The task
The result should hold only the lines from the one with "男子は2階多目的教室で、女子" through the final line of the data below, transcribed exactly, pictures left out.

Stored data

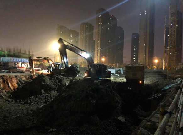 一年之季在于春。為確保楓林源筑直屬項目2018年生產(chǎn)工作開好頭、起好步。2月23日,年味依在,項目部積極組織開展復工工作,消除節(jié)后綜合癥,以飽滿的精神投入到緊張而有序的工作中。經(jīng)過項目部統(tǒng)籌安排,2月25日上午,施工現(xiàn)場5臺大型挖掘機,30輛自卸車,進行7#、12#樓土方開挖,9#樓二層墻柱鋼筋綁扎也在有條不紊進行中,施工現(xiàn)場人頭攢動,機械轟鳴,標志著節(jié)后復工已全面啟動。
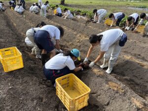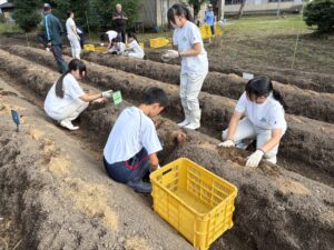 9月30日(火)、3学年農業環境科「作物」選択の生徒が、南砺市立福野中学校の生徒とともにサツマイモの収穫を行いました。
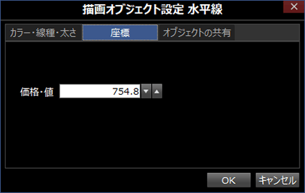 カラー・線種・太さ、足種の共有、ラインの延長線の初期値を設定することができます。なお、足種の共有にチェックを入れると全ての足に表示され、チェックを入れない場合は現在の足のみに表示されます。
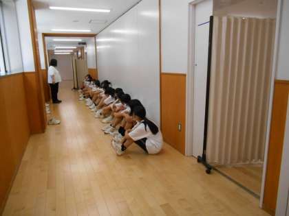 男子は2階多目的教室で、女子は1階会議室で、心電図と心蔵の音の検査を受けていました。
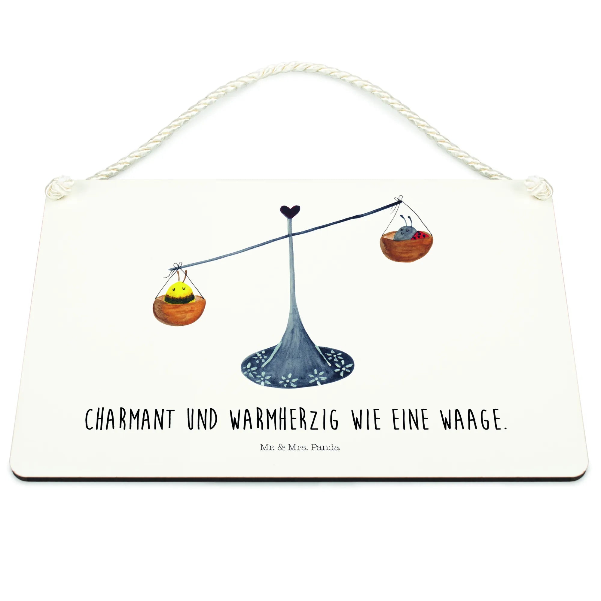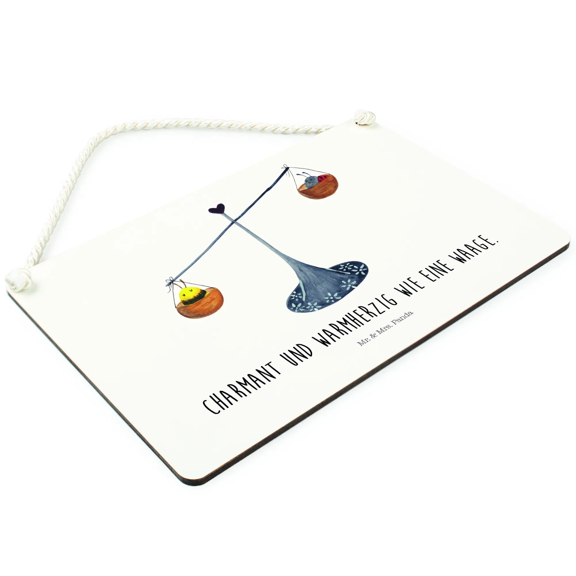 Ein wunderschönes Deko Schild von Mr. & Mrs. Panda, bedruckt mit dem einzigartigen Motiv des Sternzeichens Waage. Dieses Schild ist ideal für all diejenigen, die den Ausgleich und die Harmonie im Leben schätzen. Die Waage, oft als das Symbol für Balance und Gerechtigkeit gesehen, wird hier charmant und warmherzig dargestellt.

Response area
 男子は2階多目的教室で、女子は1階会議室で、心電図と心蔵の音の検査を受けていました。
 Ein wunderschönes Deko Schild von Mr. & Mrs. Panda, bedruckt mit dem einzigartigen Motiv des Sternzeichens Waage. Dieses Schild ist ideal für all diejenigen, die den Ausgleich und die Harmonie im Leben schätzen. Die Waage, oft als das Symbol für Balance und Gerechtigkeit gesehen, wird hier charmant und warmherzig dargestellt.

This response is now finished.